≡ Menus
frequency increase

On some spiritual sites it is often said that due to the process of spiritual awakening, one would completely change one's life and, as a result, look for new friends or would no longer have anything to do with old friends after a while. Due to the new mental orientation and the newly aligned frequency, you would no longer be able to identify with your old friends and as a result you would attract new people, living conditions and friends into your life. But is there any truth to it at all or is it much more dangerous half-knowledge that is being spread. In this article I will get to the bottom of this question and describe my own experiences in this regard.

Frequency increase = New friends?

Frequency increase = New friends?Of course, I have to mention first of all that there is some truth to the statement. At the end of the day, it looks like you always attract things into your own life that also correspond to your own charisma. For example, if you were working in a slaughterhouse and suddenly came to the realization overnight that every life is precious and you can no longer identify with the "slaughter practice" (murder of animals) in any way, then you would automatically change your job and bring a new job or a new situation into your life. That would then be a natural consequence of the newly gained knowledge. But would this also be the case with one's own friends, meaning that one would no longer have anything to do with one's own friends due to newly gained knowledge, that one would distance oneself from them and attract new people/friends into one's own life? In this context, there are recent movements that portray spirituality (the emptiness of the mind) as demonic, claiming that one should even lose/let go of one's old friends. Ultimately, this is dangerous half-knowledge that is being spread and may even lead some people to believe it. But it is a fallacy, which in turn contains only a grain of truth. That's an assertion that can't be generalized in any way.

You always draw into your life what corresponds to your own charisma, what corresponds to your own beliefs and convictions..!!

Of course there are such cases. Imagine you have groundbreaking self-realizations overnight, coming to the conclusion that every living being is valuable, or that politics merely spreads disinformation, or that God is basically a gigantic all-pervasive spirit (consciousness) from which everyone creative expression emerges and you would then tell your friends about it, but you would only get rejection.

Dangerous half-knowledge

Dangerous half-knowledgeIn such cases it would of course be true, at least if your friends thought all this was nonsense, if there was a fight and you wouldn't get along at all anymore. In such a case, one would of course draw new friends into one's own life and then have nothing to do with the old friends. Ultimately, however, this would also arise out of affect instead of out of compulsion ("You have to let go of your old friends"). However, this would only be a single example. It could all turn out very differently. For example, you tell your friends about it and they listen to you enthusiastically, are happy about the knowledge and try to deal with it. Or you tell your friends about it, who might not be able to do much with it afterwards, but still like you, want to remain friends with you and in no way ridicule you for your new views or even judge you. There are countless scenarios that could then take place. Scenarios in which one would encounter rejection, or scenarios in which one continues to experience friendship. In my case, for example, my friendships continued to be maintained. In this context, I have had 2 best friends for countless years. In the past we never came into contact with spiritual topics, we were not at all familiar with spirituality, politics (financial elite and co.) and other such topics, the opposite was even the case. One night, however, I came to various self-awarenesses.

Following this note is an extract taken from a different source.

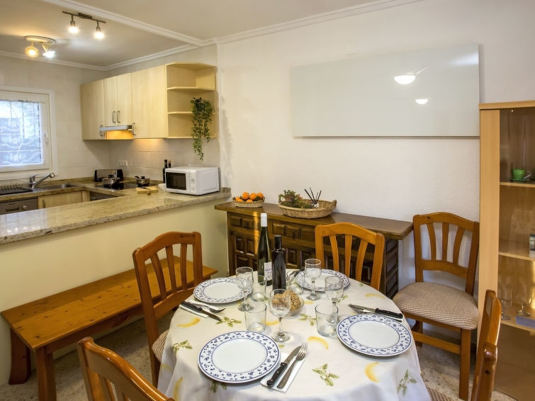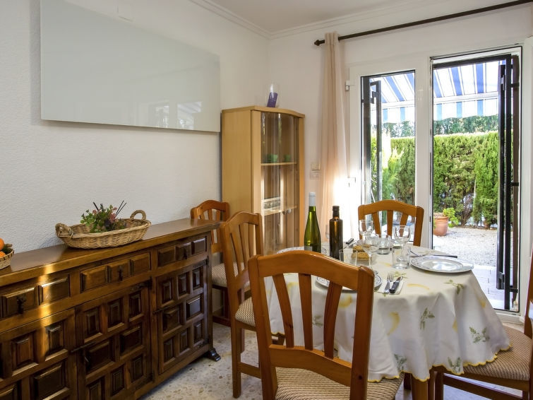 Belle maison mitoyenne accueillante, confortable "Residencia La Perla". Dans la localité, à 4 km du centre de Dénia, à, de la mer, à 700 m de la plage. En commun: 2 piscines (disponibilité saisonnière: 01.Jan. - 31.Dec.) avec marches intérieures. Piscine de forme irrégulière. Bassin pour les enfants, toboggan, douche extérieure, espace de jeux pour les enfants. A usage privé: terrain avec pelouse, place de parking près de la maison. Magasins 300 m, supermarché 900 m, restaurant 400 m, bar 450 m, arrêt de bus 800 m, gare ferroviaire 6 km, ferry 6 km, plage de sable "Playa des Bovetes" 700 m. Port plaisance 4.5 km, marina 4.5 km, ecole de voile 700 m. Le propriétaire n'accepte pas les groupes de jeunes.

A single evening changed my entire life. Due to a self-knowledge, I revised my entire worldview and thus changed the further course of my life..!!

As a result, I dealt with these issues on a daily basis and changed all my beliefs and beliefs. Of course, one evening I told my 2 best friends about it. I didn't know exactly how they would react to that, but I knew that they would never laugh at me for it or that our friendship could break because of it.

One should not generalize things

One should not generalize things

At first it was of course very strange for the two of them, but they didn't laugh at me for it and even believed the whole thing a little somewhere. In the meantime, 3 years have passed since that day and our friendship has not broken in any way, but has even grown. Of course we are all 3 very different people, some of whom have completely different views of life or philosophize about other things, pursue other things and pursue other interests, but we are still best friends, 3 people who love each other like brothers. Some of them have even developed a penchant for spirituality and know exactly that our world based on disinformation is a product of powerful families (which would not have been a condition - it just happened that way). Basically, we all still lead 3 completely different lives and yet, when we meet again on a weekend, we understand each other blindly and feel our deep connection to each other, keep up our best friendship and never know what will stand between us. For this reason I can only partially agree with this statement "that one would lose all one's old friends because of the process of spiritual awakening". It is a statement that cannot be generalized in any way. There are definitely people for whom this is the case, people who then completely repel each other in terms of frequency/views and beliefs and no longer want to have anything to do with each other, but there are also people or friendships who are in no way affected by this be affected and continue to exist as a result. In this sense stay healthy, happy and live a life in harmony.